1. ## Cubic equation for pre-calc

For our class our prof has given us the cubic function
-2x^3+6x^2-6x+2=0

Is there a formula to solve a cubic function like this? I can't remember ever doing one before.

Thank you.

Help on the steps through it would be appreciated.

2. Originally Posted by Shadoowned
For our class our prof has given us the cubic function
-2x^3+6x^2-6x+2=0

Is there a formula to solve a cubic function like this? I can't remember ever doing one before.

Thank you.

Help on the steps through it would be appreciated.
There is a Cubic Formula, but it only works for particular cubics.
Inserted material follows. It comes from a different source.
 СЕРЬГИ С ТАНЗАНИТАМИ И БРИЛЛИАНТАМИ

You're better off using the remainder and factor theorems to factorise and then using the Null Factor Law.

$P(x) = -2x^3 + 6x^2 - 6x + 2 = 0$

$P(x) = x^3 - 3x^2 + 3x - 1 = 0$.

Notice that if you let $x = 1$, you get

$P(1) = 1^3 - 3(1)^2 + 3(1) - 1$

$= 1 - 3 + 3 - 1$

$= 0$.

By the factor and remainder theorems, this means that $(x - 1)$ is a factor.

Now long divide, and you should find

$x^3 - 3x^2 + 3x - 1 = 0$

$(x - 1)(x^2 - 2x + 1) = 0$

$(x - 1)(x-1)^2 = 0$

$(x - 1)^3 = 0$

$x - 1 = 0$

$x = 1$.

So the only solution to this equation is $x =1$.
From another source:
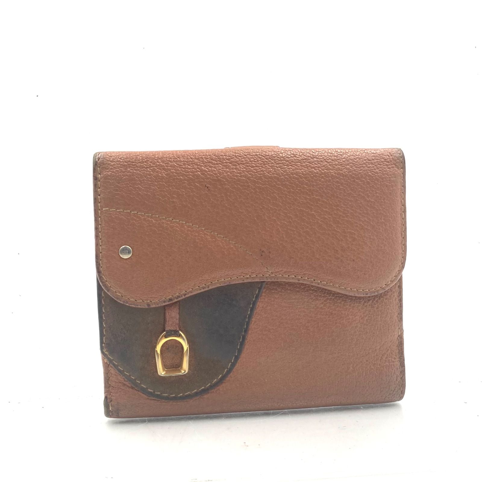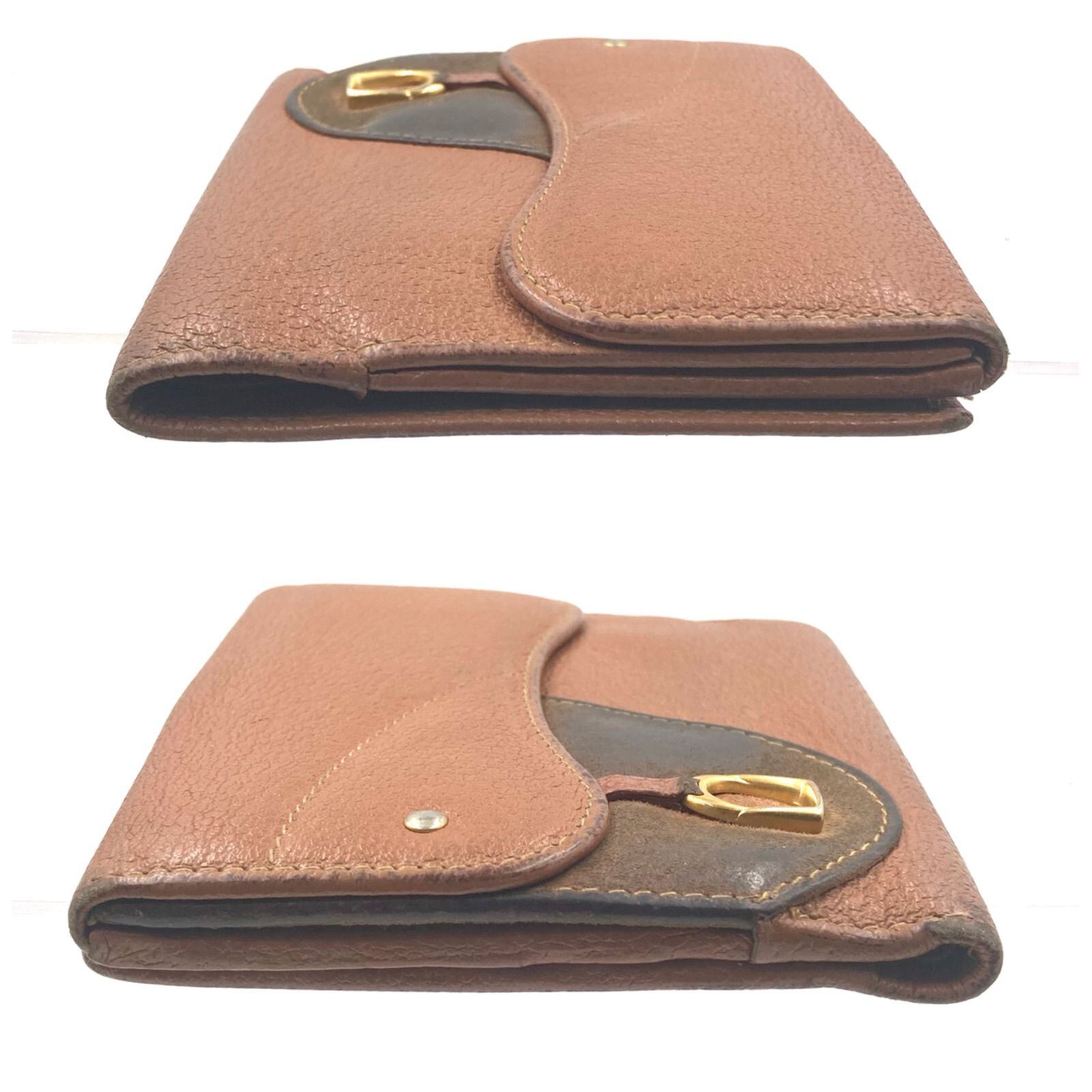 GUCCI グッチ 金具付きサドル型折り財布 三つ折り レザー ブラウン ゴールド金具 イタリア製 刻印あり 高級 ハイブランド ラグジュアリー

P.S. If you're really good with the Binomial Theorem you can see that

$(x - 1)^2 = x^3 - 3x^2 + 3x - 1$ by observation...
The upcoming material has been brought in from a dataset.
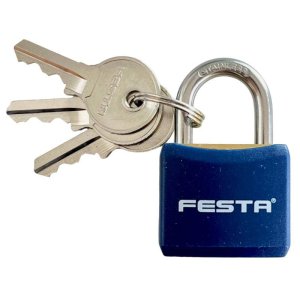 zámek visací s mosazným tělem a nerezovým obloukem mosazné tělo zámku je poplastované klíče 2 ks

3. Originally Posted by Shadoowned
For our class our prof has given us the cubic function
-2x^3+6x^2-6x+2=0

Is there a formula to solve a cubic function like this? I can't remember ever doing one before.

Thank you.

Help on the steps through it would be appreciated.
Use the rational root theorem to look for rational roots of the cubic.

The rational root theorem tells you that if this has any rational roots they are amoung +/-1, +/-2, +/-1/2. Now x=1 appears to be a root giving (by long division or whatever other method you like):

-2x^3+6x^2-6x+2=(x-1)(-2x^2+4x-2)=0

and you should be able to finish from there.

CB

4. Originally Posted by CaptainBlack
Use the rational root theorem to look for rational roots of the cubic.

The rational root theorem tells you that if this has any rational roots they are amoung +/-1, +/-2, +/-1/2. Now x=1 appears to be a root giving (by long division or whatever other method you like):

-2x^3+6x^2-6x+2=(x-1)(-2x^2+4x-2)=0

and you should be able to finish from there.

CB
You're better off taking out common factors by observation first...